Trailblazing WWII Pilot Remembered for Her Pluck

January 14, 2012

Geri Nyman wasn’t a typical vet. In the early 1940s, she was one of the first female pilots who flew transport and training missions across the country -- while the men were away at war. 

PETER O'DOWD: Geraldine Nyman was a WASP. That’s Women Air Force Service Pilot.  And the Casa Grande resident was one of just over a thousand who earned that distinction between 1942 and 1944.

BRUCE NYMAN: She did so much, but I think she’s going to be remembered by the war.

O'DOWD: Bruce Nyman will remember his mother Saturday afternoon at a memorial service. Geri was 91 years old. And the way Bruce tells it, those years were full of excitement. She crashed four times during her military service.  

BRUCE NYMAN: Well, one wasn’t a crash. The wheel fell off on take off.

O'DOWD: If it was in the military’s fleet, Nyman flew it. Bombers, fighters, test planes. She ferried them  from factories in Long Beach to the East Coast. She pulled targets behind her planes so that soldiers on the ground could practice firing live rounds at the aircraft above. She was shot in the arm once. In the early 1940s, so many American men were fighting abroad that women were asked to fill these jobs. Bruce Nyman remembers the time his mother was flying from California to Luke Air Force Base. She got lost in a storm, and ended up at Fort Huachuca in Southern Arizona.

BRUCE NYMAN: So she landed and all of a sudden she’s meeting with a squad of men who came out with their rifles pointed at her. The commander in charge says what flyboy let you fly his plane. She was mad. She said, you know there’s a war on and women are involved in it too. She said I need a bathroom, I need directions and I need fuel. All they did was point. Go that way.

NANCY PARRISH: The standard for excellence for women, was so much higher than it was for any man.

ODOWD: Nancy Parrish is executive director of Wings Across America, and she’s done extensive research on the WASPs. Her own mother flew the B-26 bomber. Parrish says if a WASP died in the line of duty -- and nearly 40 did -- she wouldn’t receive the military honors as men. The family had to pay for the burial. Full military recognition didn’t come until the 1970s. So the WASPs were trailblazers. Geri Nyman, especially. Parrish says Nyman was in the first graduating class of 1942.

NANCY PARRISH: And Geri, as a member of that first class, you’re always wanting to know, you were the first ones, you were guinea pigs, how was it? So much of Geri’s life she spent helping other people. She didn’t spend a lot of time talking about her accomplishments. She went out and did stuff.

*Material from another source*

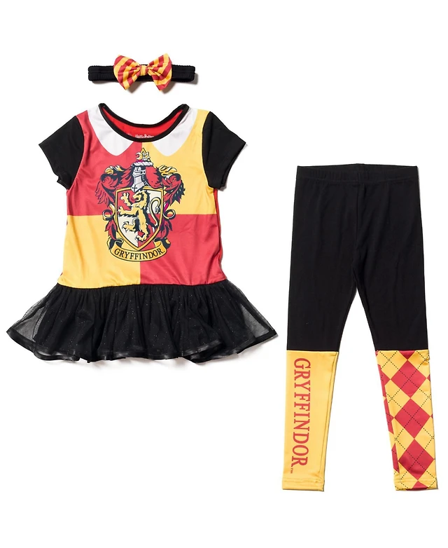 Harry Potter Little Girls Gryffindor Ravenclaw Cosplay T-Shirt Dress Leggings and Headband 3 Piece Outfit Set to

O'DOWD: That’s putting it mildly for a woman of her generation. Nyman flew planes for smoke jumpers in the Western United States. She was a city councilwoman in Wallace, Idaho. She owned and managed a dime store. Later, after moving to Arizona, Bruce Nyman says his mother helped managed Barry Goldwater’s senate campaign in Pinal County. But it was the WASPs that she cherished most.

BRUCE NYMAN: She was always very proud. She was an excellent pilot.

O'DOWD: Nyman will be buried in North Idaho this summer -- with military honors. For KJZZ, I’m Peter O’Dowd.